# the crash mat workout



## drop bear (Mar 4, 2014)

This one is a bit of fun if you have one of those gymnastics crash mats available.

(I use a 15 kilo plate but you can definitely go bigger)

Start the round holding the plate and jogging on the mat. At the call you get an exercise.

For us it is 
squat jumps.
Split lunges.
Dropping to your knees and getting back up with the plate above your head.
Squat and lift
Side lunges.
Sprints.

Usually about ten exercises per call.

Five minute rounds one minute break. Really good for the core for fitness and for making g you walk funny at the end of it.

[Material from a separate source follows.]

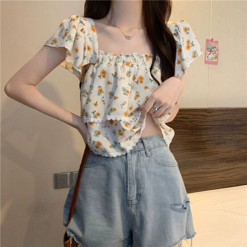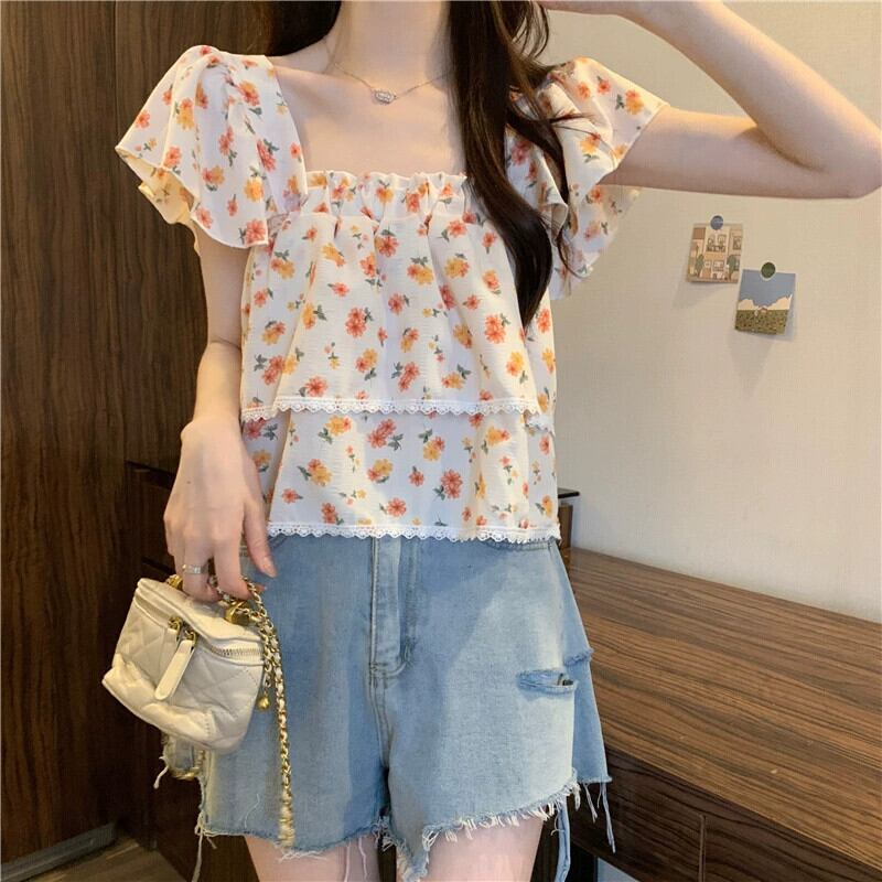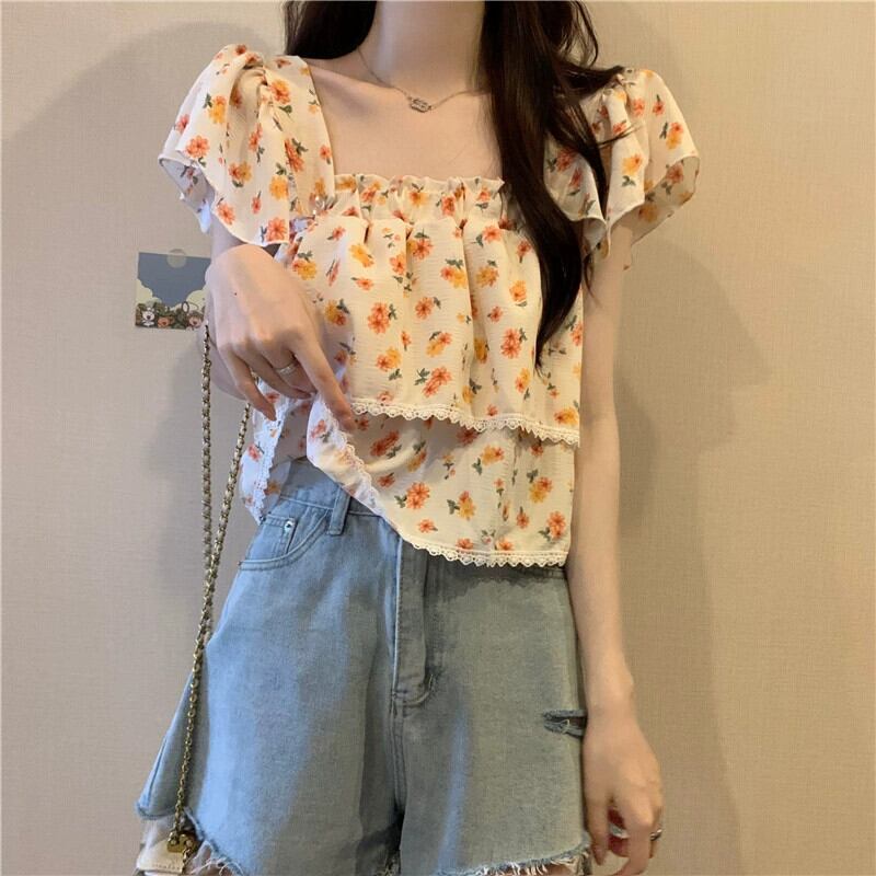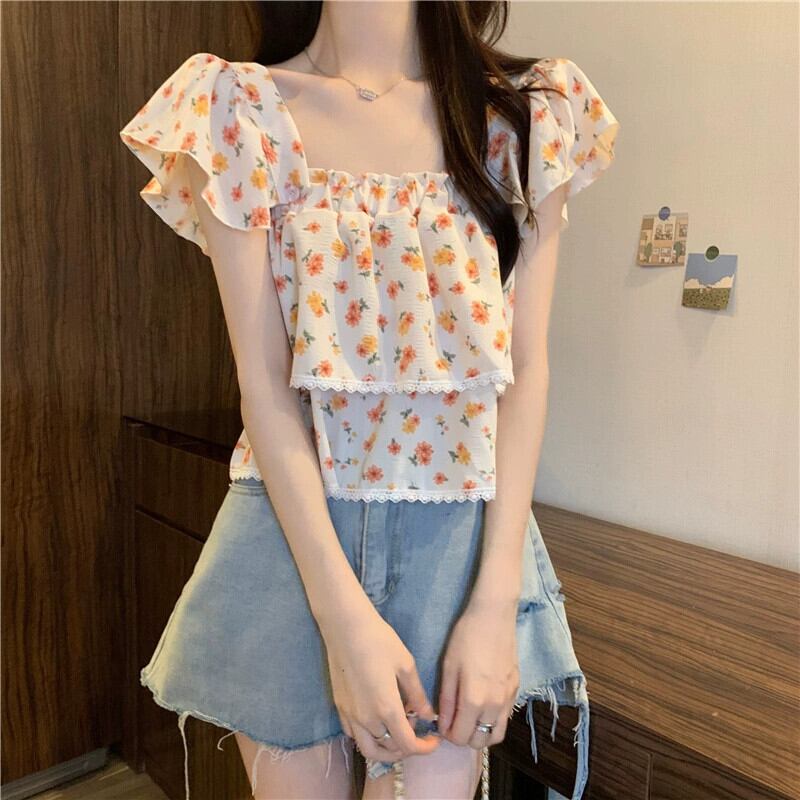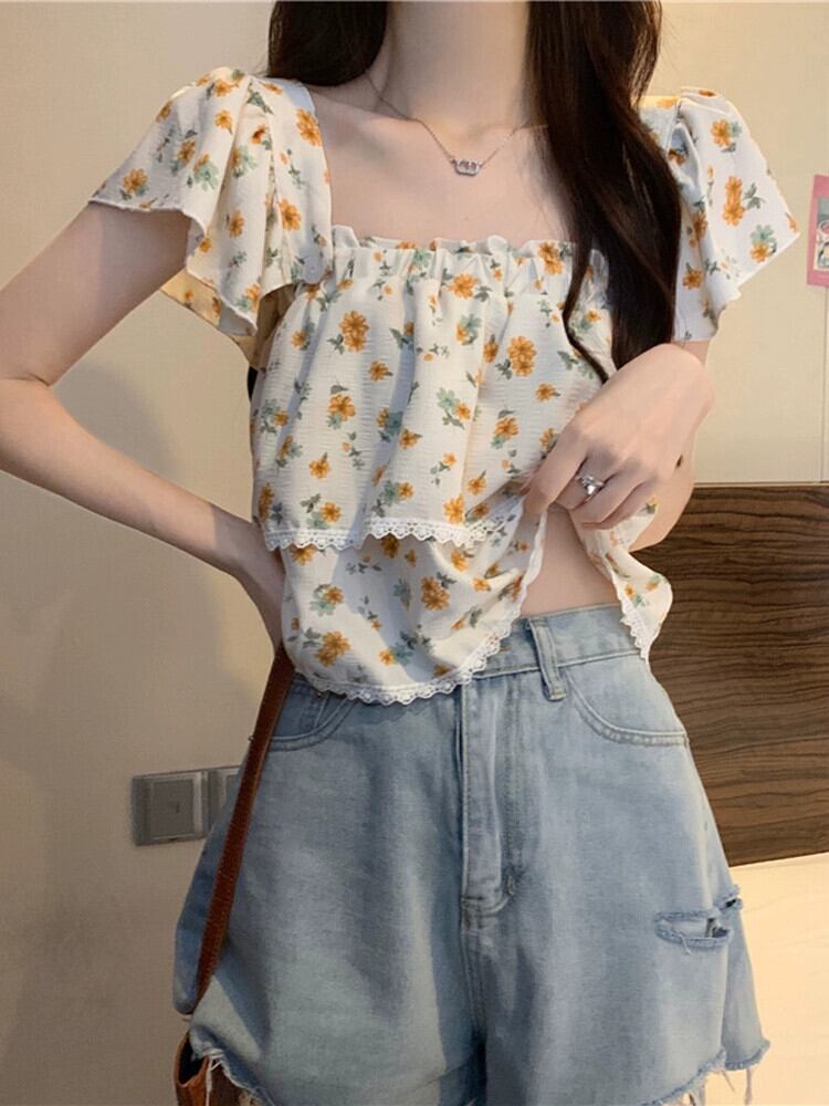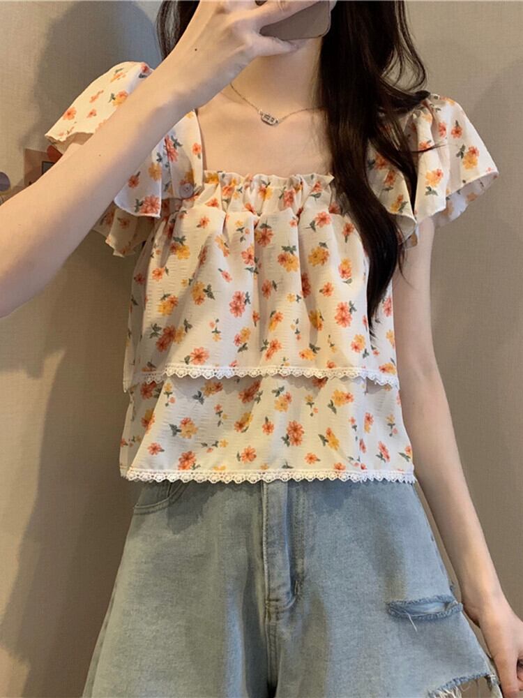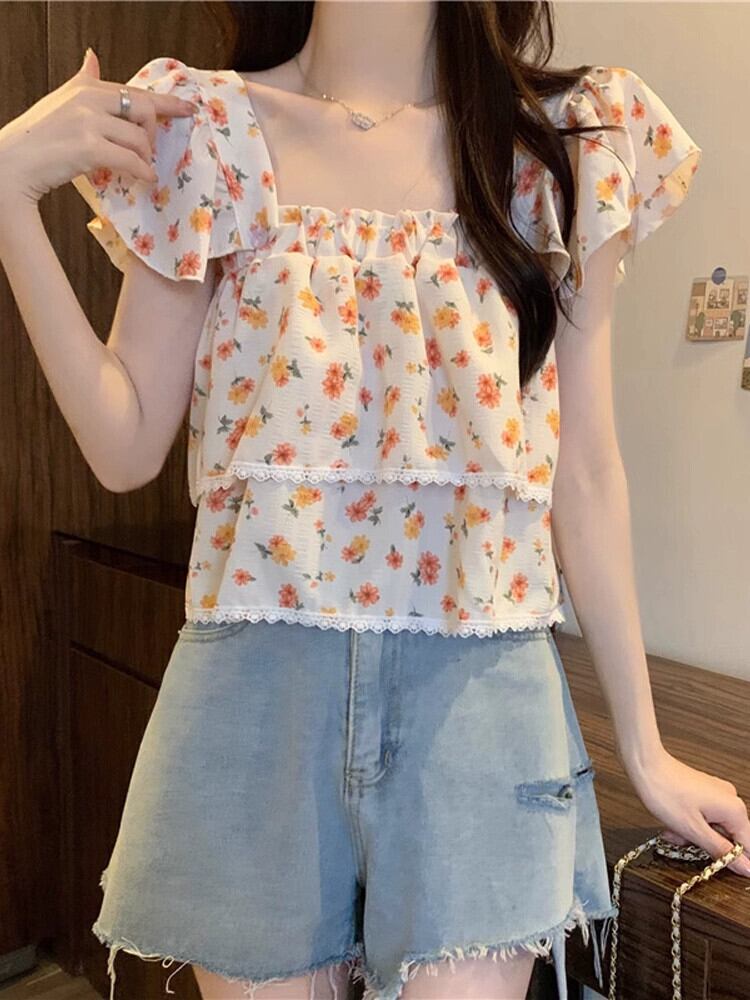フレンチフローラル半袖シャツレディース夏レトロデザイン感覚ルーズオールマッチハイウエストショート小フライングスリーブスクエアカラートップ ハイウェスト サマー 夏物 花柄 スクウェア 7460060254005698 | framboise21

Otherwise get an empty keg. Do one minute slamming it into the mat like donkey Kong. One minute sprawls or burpees on the mat.


----------



## Carol (Mar 5, 2014)

Nice!!  I don't have a crash mat but I do have a peat bog.  I look forward to trying these once the ground is a little less frozen


----------



## ballen0351 (Mar 5, 2014)

Carol said:


> .  I look forward to trying these once the ground is a little less frozen



Nice see that's smart.  my friends parents bought one of the memory foam beds they live in Northern VT.  it was transported in a box truck that's not heated in the back.  Apparently it was loaded the day before and sat in the truck all night and froze solid.  She moved it to her room and did a running dive face first into her rock solid mattress.


----------



## Carol (Mar 5, 2014)

Owwwwch!   I bring my memory foam pillow to the camp site with me.  On cold evenings, before I get in to the tent to bed down....yeah.  Don't want to be doing a face plant.


----------